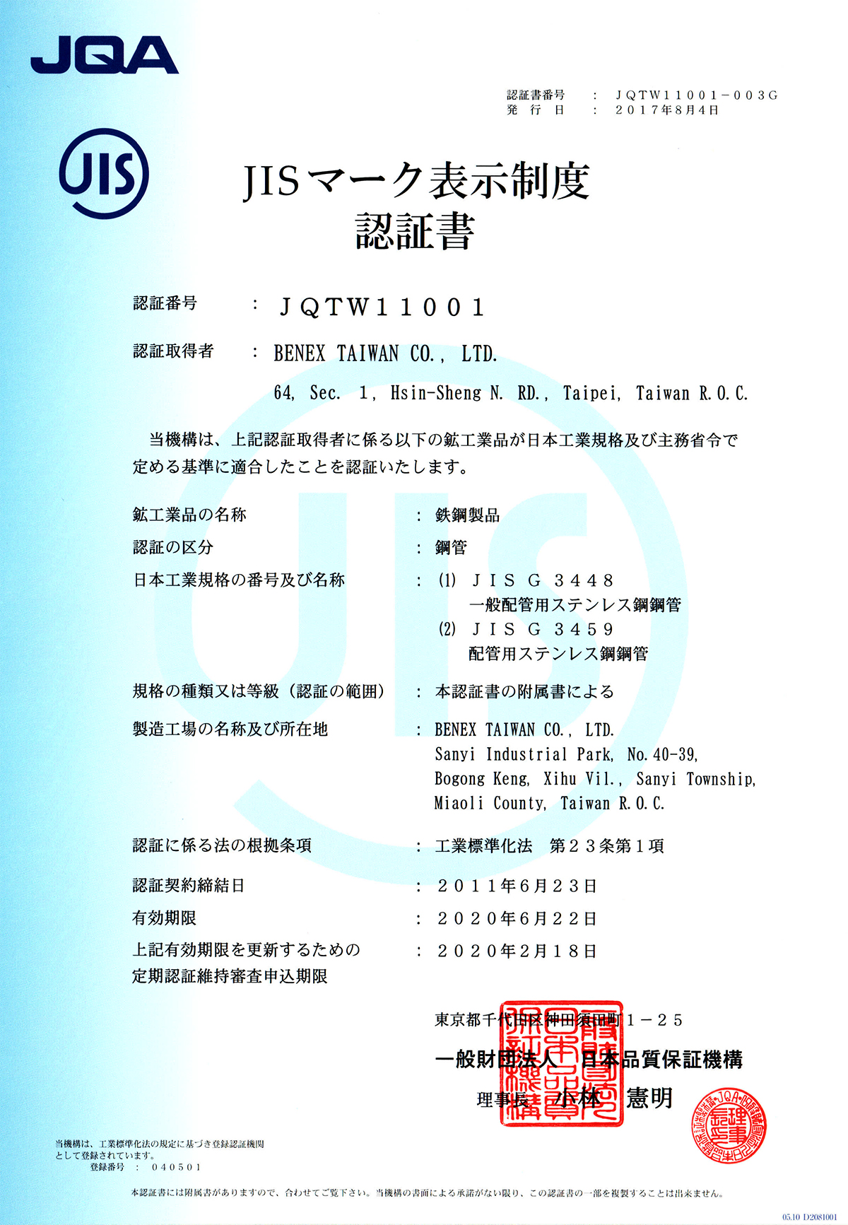 • JIS認(rèn)證證書
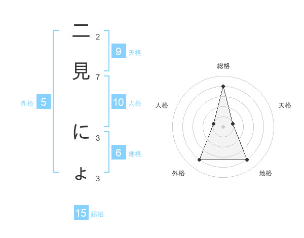 二見 にょさんの総格は15画の4点!
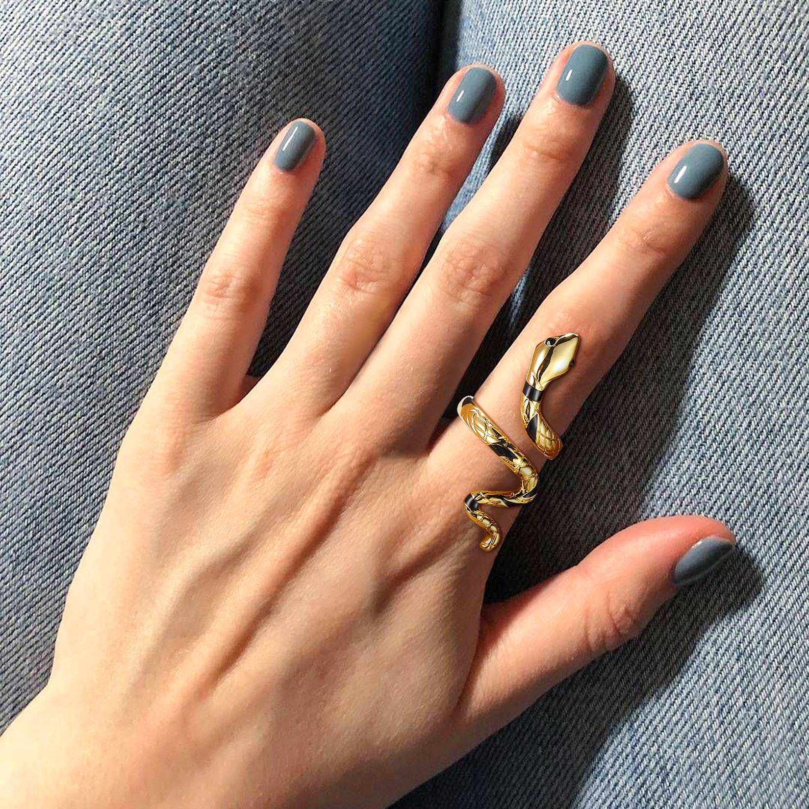 1.UNIQUE DESIGN:Snake Long Full Finger Ring, With black texture design, Decorated with black AAA+ cubic zirconia, Sinuous body, Trim your beautiful hands, Catch everyone's eyes, Delicate animal finger ring jewellery.
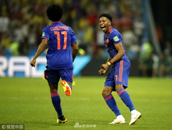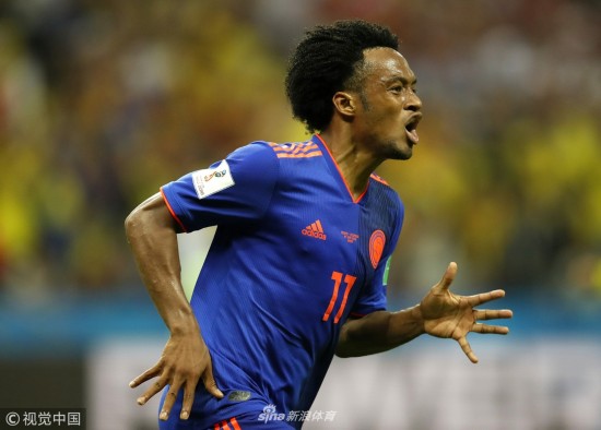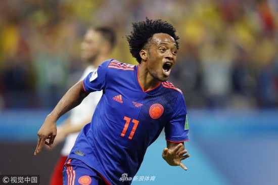 北京时间6月25日,世界杯H组小组赛,哥伦比亚vs波兰,比赛第75分钟,夸德拉多单刀破门。

(What the task asks)
Every line from the one containing "二見 にょさんの総格は15画の4点!" through the last line of the listing must be written out again exactly, and no other line. Leave the pictures aside.

(Answer)
 二見 にょさんの総格は15画の4点!
 1.UNIQUE DESIGN:Snake Long Full Finger Ring, With black texture design, Decorated with black AAA+ cubic zirconia, Sinuous body, Trim your beautiful hands, Catch everyone's eyes, Delicate animal finger ring jewellery.
 北京时间6月25日,世界杯H组小组赛,哥伦比亚vs波兰,比赛第75分钟,夸德拉多单刀破门。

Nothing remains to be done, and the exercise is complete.